“An effect always holds proportion with its cause,” David Hume, “Of Interest.”
Whatever be the actual state of the skill, dexterity, and judgment with which labour is applied in any nation, the abundance or scantiness of its annual supply must depend, during the continuance of that state, upon the proportion between the number of those who are annually employed in useful labour, and that of those who are not so employed. The number of useful and productive labourers, it will hereafter appear, is every where in proportion to the quantity of capital stock which is employed in setting them to work, and to the particular way in which it is so employed. The Second Book, therefore, treats….--Adam Smith (1776), Introduction and Plan of the Work, The Wealth of Nations (WN; emphases added).
In the passage above and throughout WN Smith appeals to "quantity" and "number." In light of this, consider, for example, this famous passage:
The real price of every thing, what every thing really costs to the man who wants to acquire it, is the toil and trouble of acquiring it. What every thing is really worth to the man who has acquired it, and who wants to dispose of it or exchange it for something else, is the toil and trouble which it can save to himself, and which it can impose upon other people. What is bought with money or with goods is purchased by labour, as much as what we acquire by the toil of our own body. That money or those goods indeed save us this toil. They contain the value of a certain quantity of labour which we exchange for what is supposed at the time to contain the value of an equal quantity. Labour was the first price, the original purchase-money that was paid for all things. It was not by gold or by silver, but by labour, that all the wealth of the world was originally purchased; and its value, to those who possess it, and who want to exchange it for some new productions, is precisely equal to the quantity of labour which it can enable them to purchase or command. (WN. I.v; emphasis added)
Adopting the language of "precisely equal" Smith seems to imply to many readers that that such magnitudes enter into an exact theoretical model that is capable of being reconstructed by a series of equations. (Here is a famous example by Paul Samuelson.) Of course, such a model would have to be implicit because -- curiously enough -- explicit equations are lacking in WN.
So, what's going on here? I have come to think the key resides in Smith's embrace of "proportions" (see the second quote at the top of the post). Recall Hume's claim that “An effect always holds proportion with its cause” (“Of Interest,”). I call this Hume's "ninth rule of reasoning." If one assumes (or prescribes) that linear causal relationships are the only possible ones, this ninth rule allows Hume to rule out competing claims that posit the existence of causal relationships that are not 'proportional.' Hume uses the rule as a constraint on theory.

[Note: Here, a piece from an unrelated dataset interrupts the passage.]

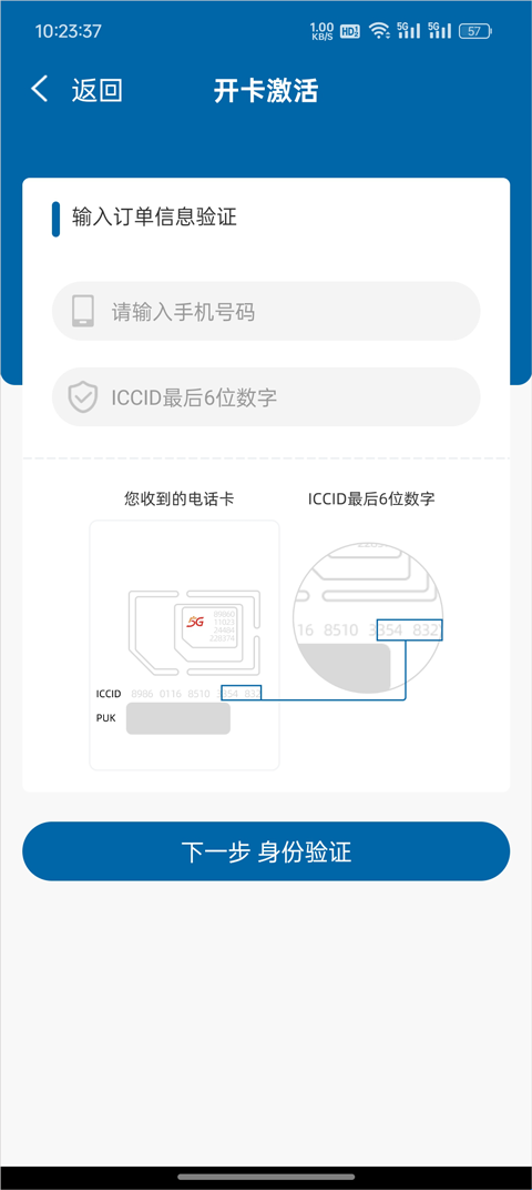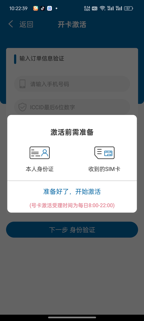 3、激活前先准备好本人身份证以及SIM卡

For example, in context it plays a prominent role in Hume's rejection of Mercantilism.
This is not the place to explore the Humean foundations of proportional (moral) reasoning. (Somewhat annoyingly Hume does not mention proportionality either among the natural nor among the philosophical relations.) But one can understand Hume’s attraction to proportionality. For, reasoning with proportions does not permit exaggerated claims to exactitude. (This is not to deny that one can make very precise claims through proportions. Newton's Principia is written in the language of geometric proportions, after all--and so is much classical science.) In the absence of precise measures, a judgment of proportion also requires some (contextual) judgment; one cannot just follow a mechanical rule.

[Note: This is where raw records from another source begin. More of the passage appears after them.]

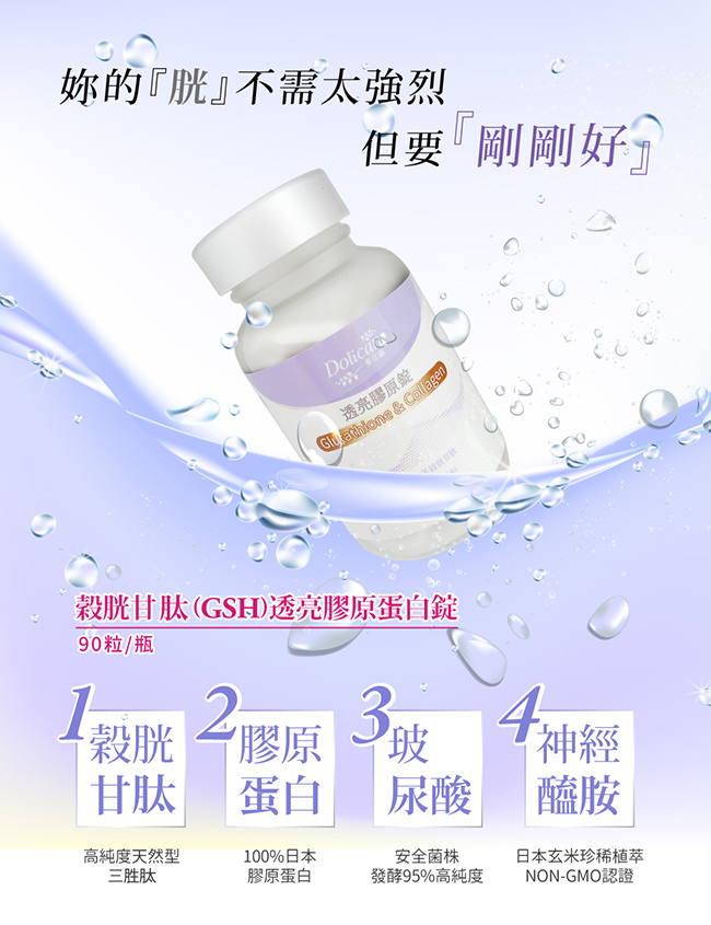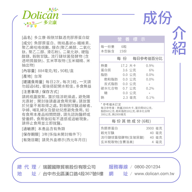 成分:魚膠原蛋白、微結晶狀α-纖維素、聚乙烯?咯烷酮、膜衣(聚乙烯醇、二氧化鈦、聚乙二醇、滑石粉)、二氧化矽、硬脂酸鎂、穀胱甘(月太)、流行鏈球菌發酵物(含透明質酸鈉)、玄米萃取物(玉米糊精、米抽出物)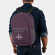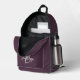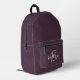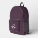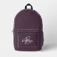 This personalized backpack features a monogram and first name in modern grey and white script on a stylish purple background.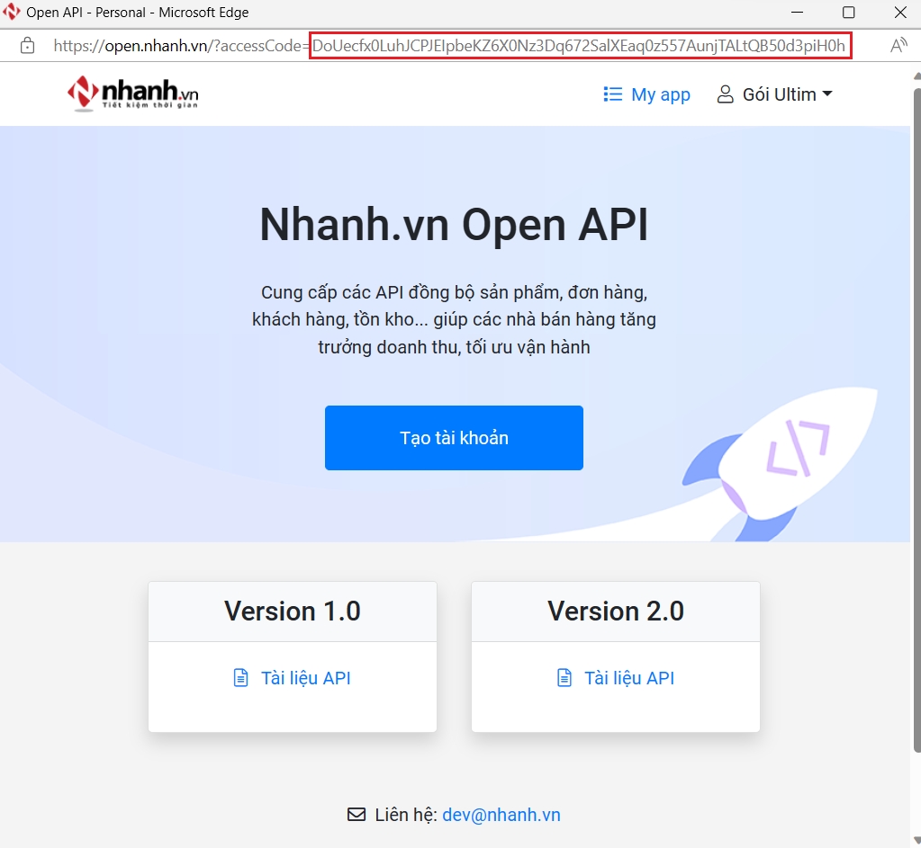 Sau khi nhấn nút "Đồng ý", trình duyệt sẽ chuyển hướng đến Redirect URL đính kèm với access code. Access code của bạn là xâu chuỗi sau "accessCode=". Bạn copy mã đó để sử dụng trong bước tiếp theo.

In Smith we find lots of proportions in the absence of exact measures. For example, in his moral theory Smith writes,
It has already been observed [TMS 18.104.22.168,--ES], that the sentiment or affection of the heart, from which any action proceeds, and upon which its whole virtue or vice depends, may be considered under two different aspects, or in two different relations: first, in relation to the cause or object which excites it; and, secondly, in relation to the end which it proposes, or to the effect which it tends to produce: that upon the suitableness or unsuitableness, upon the proportion or disproportion, which the affection seems to bear to the cause or object which excites it, depends the propriety or impropriety, the decency or ungracefulness of the consequent action; and that upon the beneficial or hurtful effects which the affection proposes or tends to produce, depends the merit or demerit, the good or ill desert of the action to which it gives occasion.” (The Theory of Moral Sentiments 2.1.Intro.2, 67).
Smith embeds judgments of proportionality at the core of his moral theory; for Smith when we make a moral judgment we do so after mentally inspecting, as it were, the proportionality of the relata that enter a cause-effect relation. Such judgments are very sensitive to context. There is no exact measure of propriety.

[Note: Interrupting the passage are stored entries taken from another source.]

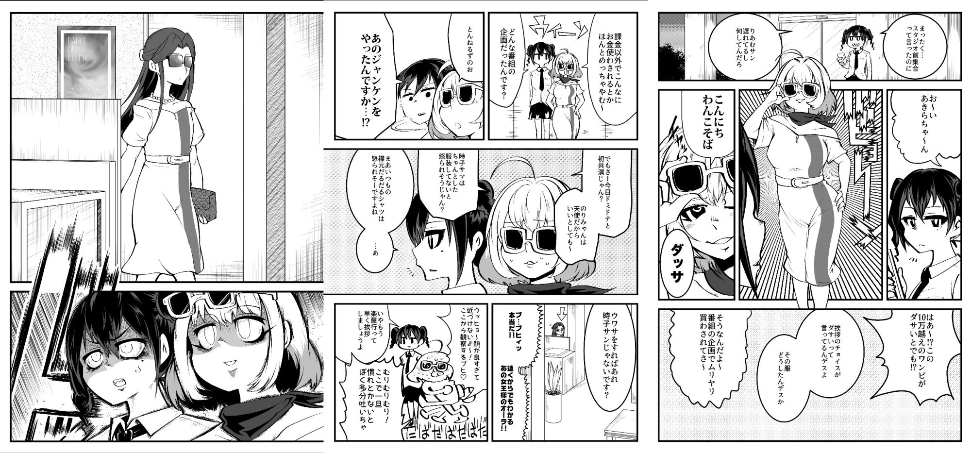 単眼猫「ゲラゲラゲラゲラ」1.まず少女たちがきゃっきゃうふふしてる絵柄で注目を集めます。少女でなくてもとにかく明るめな絵柄なら大丈夫です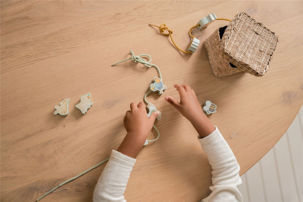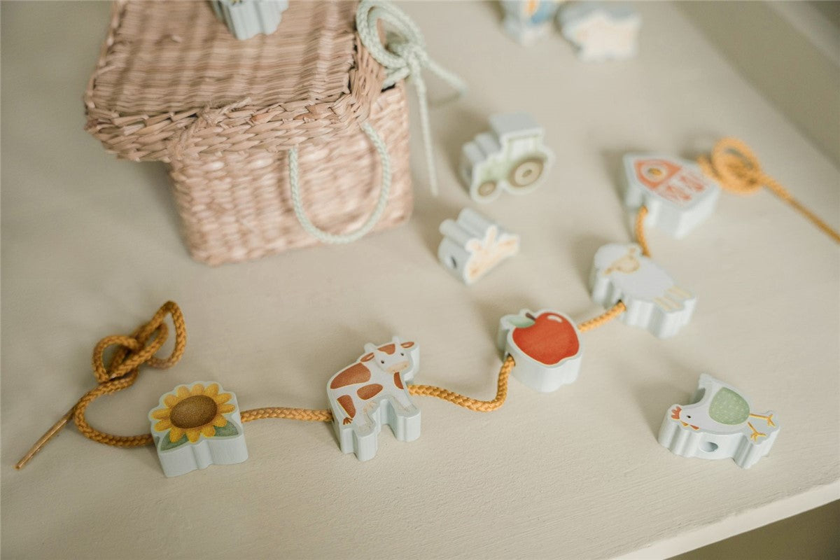 Haz de cada día de tus pequeños una aventura en la granja con estas figuras sólidas de madera para enlazar cordones.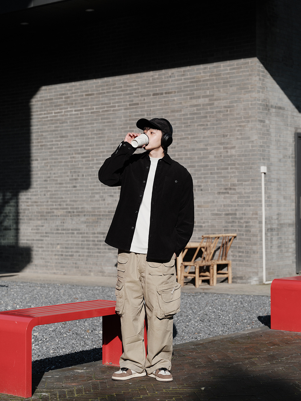 TRS 남성복丨24AW 가을 겨울 레트로 워싱 셔츠 스트립 루즈 실루엣 시티보이 셔츠 재킷 남성스토어 가기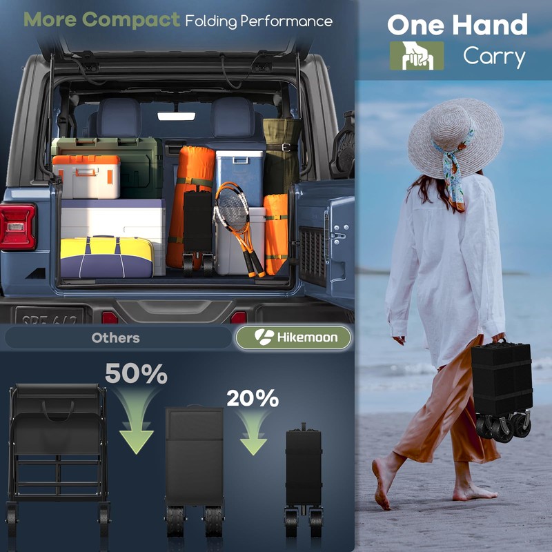 Hikemoon 150L Collapsible Wagon – Heavy-Duty Folding Utility Cart This foldable wagon features a 150L large capacity (50% bigger than standard carts) with a side pocket and cup holders for extra storage. Quick setup & compact fold design reduces it to 1/6 its size for easy storage. The auto-rebound handle adjusts effortlessly, while 7" all-terrain wheels handle sand, grass, and rough terrain smoothly. Built with a sturdy metal frame (360LBS capacity) and 600D Oxford fabric, it’s durable, waterproof, and easy to clean. Ideal for beach trips, camping, groceries, gardening, and sports gear, this heavy-duty wagon makes transport easy. Foldable, portable, and built to last.

Now, there is one exact measures in WN: "At the same time and place, therefore, money is the exact measure of the real exchangeable value of all commodities." But the theoretical significance of this gets undercut in the very next sentence: "It is so, however, at the same time and place only." No other measure is called exact in WN! By contrast, even though "labour be the real measure of the exchangeable value," it is not an exact measure. As Smith goes on to explain:
It is often difficult to ascertain the proportion between two different quantities of labour. The time spent in two different sorts of work will not always alone determine this proportion. The different degrees of hardship endured, and of ingenuity exercised, must likewise be taken into account. There may be more labour in an hour’s hard work than in two hours easy business; or in an hour’s application to a trade which it cost ten years labour to learn, than in a month’s industry at an ordinary and obvious employment. But it is not easy to find any accurate measure either of hardship or ingenuity. In exchanging indeed the different productions of different sorts of labour for one another, some allowance is commonly made for both. It is adjusted, however, not by any accurate measure, but by the higgling and bargaining of the market, according to that sort of rough equality which, though not exact, is sufficient for carrying on the business of common life. (WN 1.7)
Now, this is not the place to explain how data that is merely sufficient for common life can be deployed with real, albeit inexact measures that enable causal, even counterfactual reasoning. (Before I saw any of this clearly, I have tried to do so here and here.) All I hope to have made plausible is that even reasoning with quantities and number in Smithian political economy generally requires good judgment and cannot be reduced to mere mechanical rules.